RECORDS SHOWN:
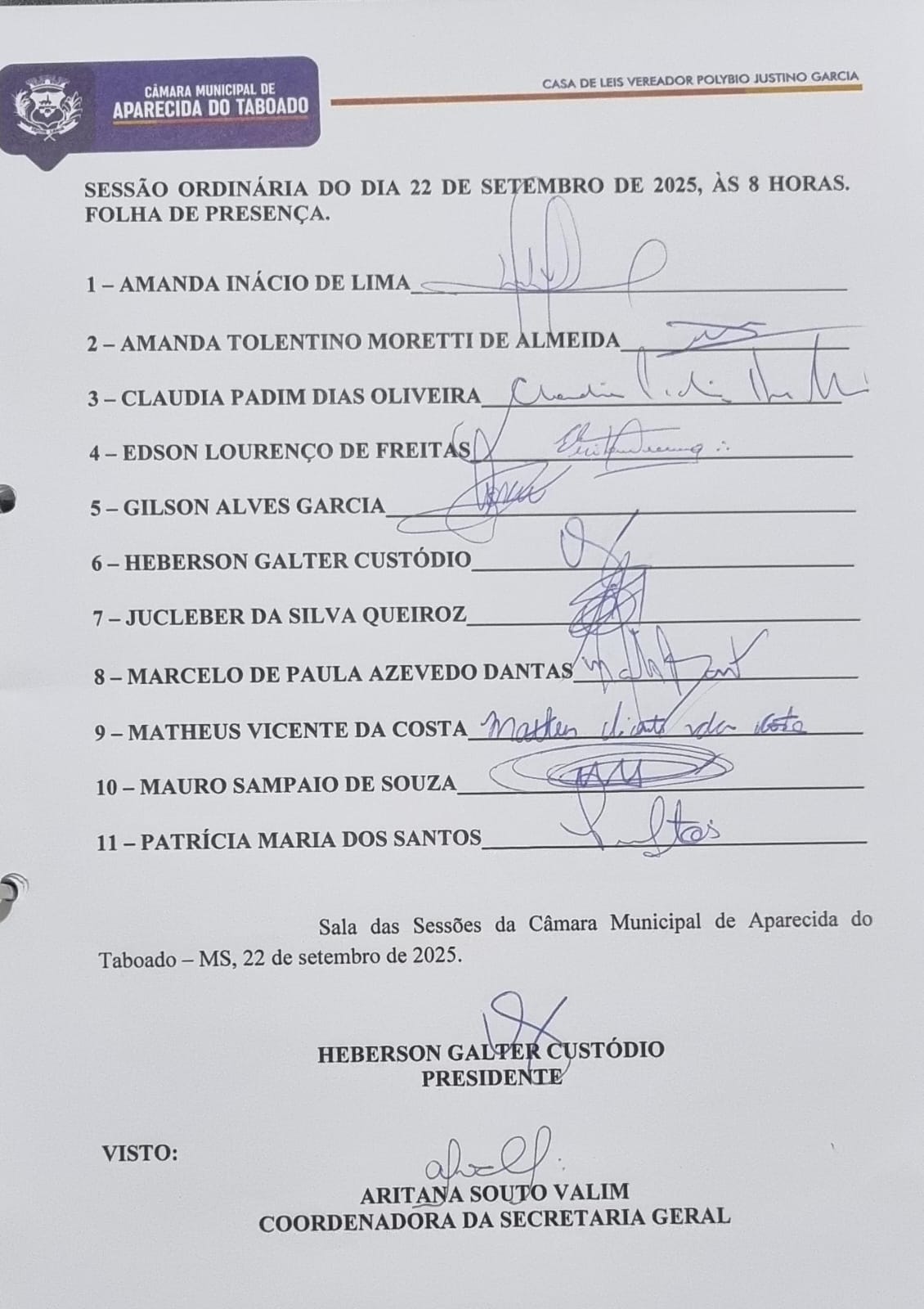 LISTA DE PRESENÇA DA SESSÃO ORDINÁRIA DO DIA 22 DE SETEMBRO DE 2025, ÀS 08 HORAS (MS).
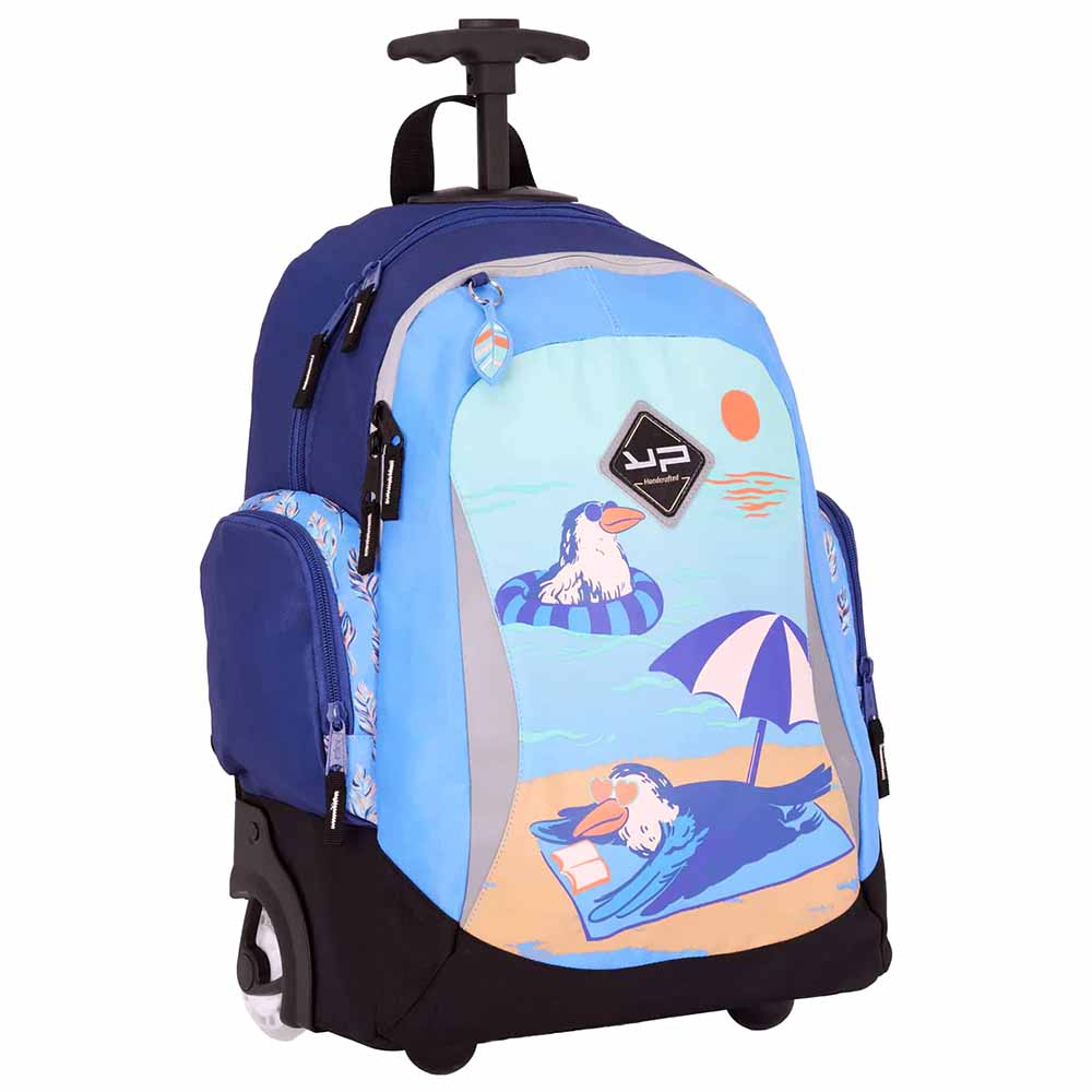 materijal reciklirani poliester 600D, izrađen od plastičnih boca; dimenzije 44x31x19cm; teleskopska ručka; 2 svjetleća kotača; podesive podložene naramenice; spremnik za naramenice; 2 pretinca; 2 bočna džepa; jamstvo 2 godine
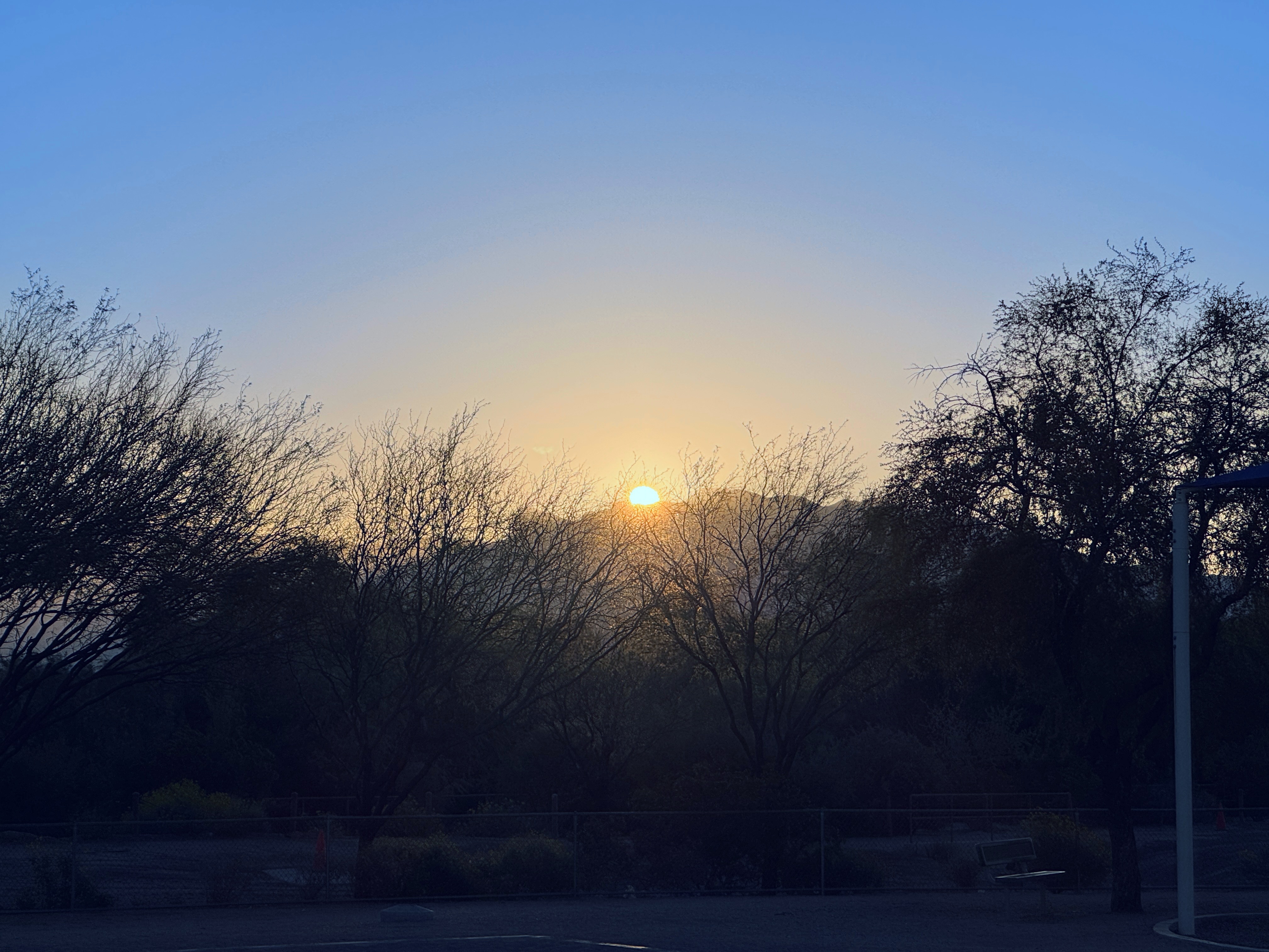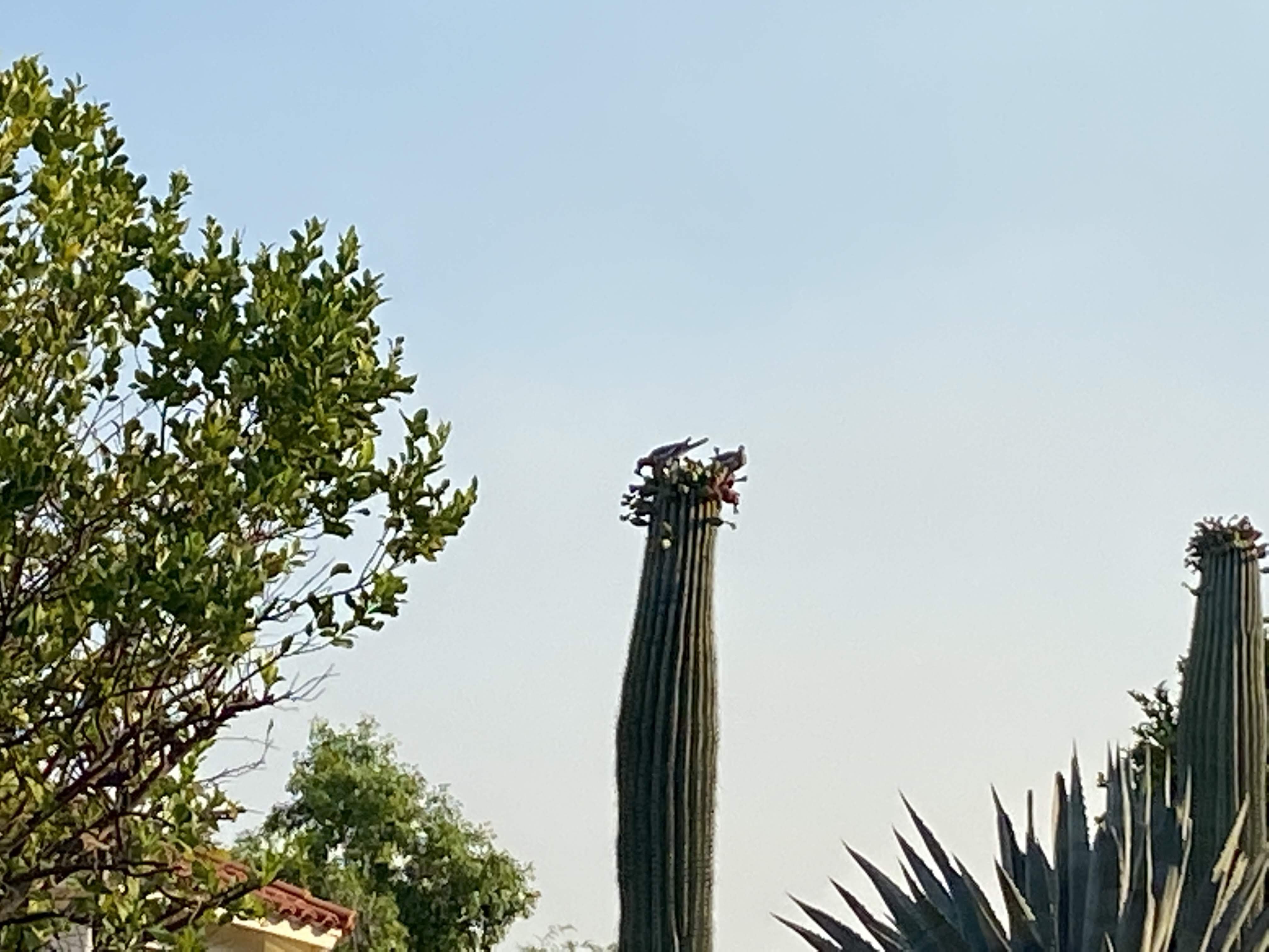 Have you noticed the tops of our stately Saguaros? Little buds pop out, then they open revealing bright white flowers and then the final delight. The pinkish-red fruit appears and the birds turn somersaults of joy. It’s the cycle of life. I find it curiously ironic that the source of the delicious fruit is a prickly, thorn bearing desert giant. A round of applause, please, for the sharp needle Saguaro and their yummy red blossoms. And a word of gratitude, too, to the Author of life who brings all things into existence and provides our “daily bread.” The next time you see a flower-top Saguaro, say hello. But, no hugs.
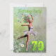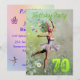 A beautiful ballerina flower fairy dancing on a birthday party invitation. The ballerina is wearing a white tutu, and has trails of flowers coming from her hair. She is dancing through a meadow full of daisies.
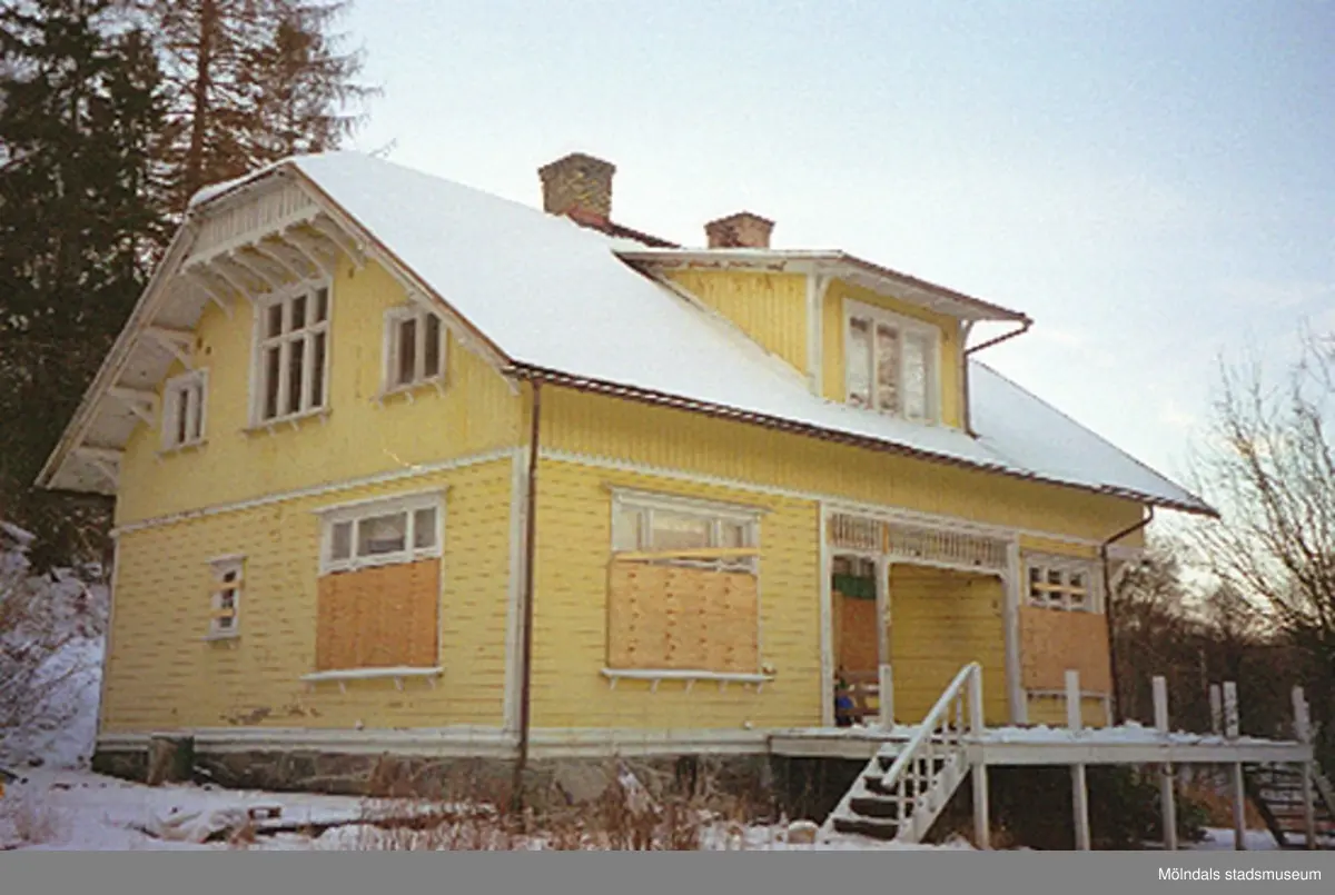 Villa Solbacken i Krokslätt, januari 1995. Ett 2-plans bostadshus med gul träpanel där vissa fönster är igenbommade. Vit altan där staketet är borttaget.
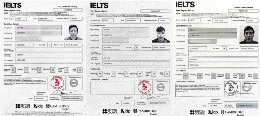 Ba lần Huy Forum đạt 9.0 IELTS được nam TikToker chia sẻ trên mạng xã hội. Ảnh: Nguyễn Hoàng Huy/Facebook. |
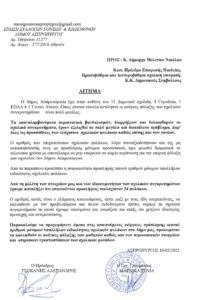 Δείτε το αίτημα που κατέθεσε η Ένωση στον Δήμο:
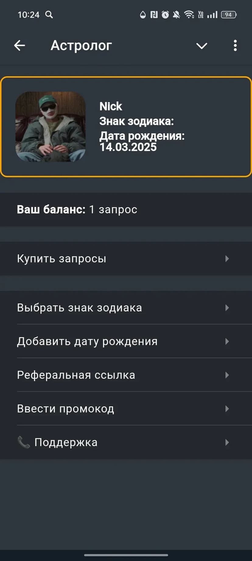 Астролог предлагает быстрый доступ к персональным гороскопам и кратким астрологическим объяснениям прямо в чате. Бот автоматически рассчитывает гороскоп по введённой дате рождения и даёт оценку влияния планет на текущие события.
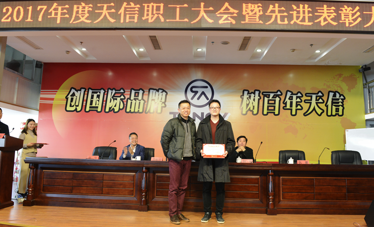 2月5日,2017年度天信職工大會暨先進表彰大會在公司二樓大型會議室召開,會議由副總裁張華主持,公司總裁范叔沙,副總裁葉朋、仇梁以及全體員工共360多人參加。本次會議既是一次總結表彰會,也是一個繼往開來的動員會。
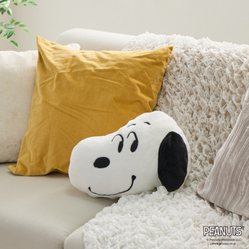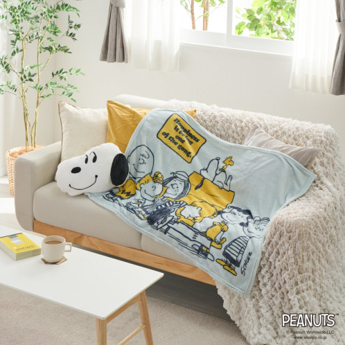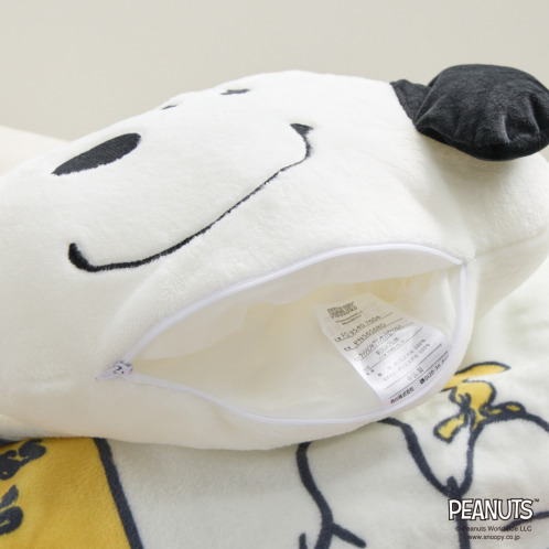 専用のクッションケースに入れることでかわいいスヌーピークッションに!1枚あると大変便利なクッションインブランケットです。
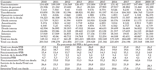 Por su parte, el cuadro 3 muestra que la composición del gasto solo ha cambiado ligeramente en ese periodo de 18 años. En 2000 los gastos de funcionamiento, servicio de la deuda e inversión representaban el 52%, el 33% y el 15% del gasto público, respectivamente; en 2018 representan el 63%, el 20% y el 17%. La reducción de la participación de la deuda se tradujo en un crecimiento significativo de los gastos de funcionamiento y en mucha menor medida de la inversión.

ACTIVITY: Beginning with the line that contains "専用のクッションケースに入れ", write out the remaining lines of the listing above through the last, exactly and only those, without pictures.

ANSWER TO THIS TASK:
 専用のクッションケースに入れることでかわいいスヌーピークッションに!1枚あると大変便利なクッションインブランケットです。
 Por su parte, el cuadro 3 muestra que la composición del gasto solo ha cambiado ligeramente en ese periodo de 18 años. En 2000 los gastos de funcionamiento, servicio de la deuda e inversión representaban el 52%, el 33% y el 15% del gasto público, respectivamente; en 2018 representan el 63%, el 20% y el 17%. La reducción de la participación de la deuda se tradujo en un crecimiento significativo de los gastos de funcionamiento y en mucha menor medida de la inversión.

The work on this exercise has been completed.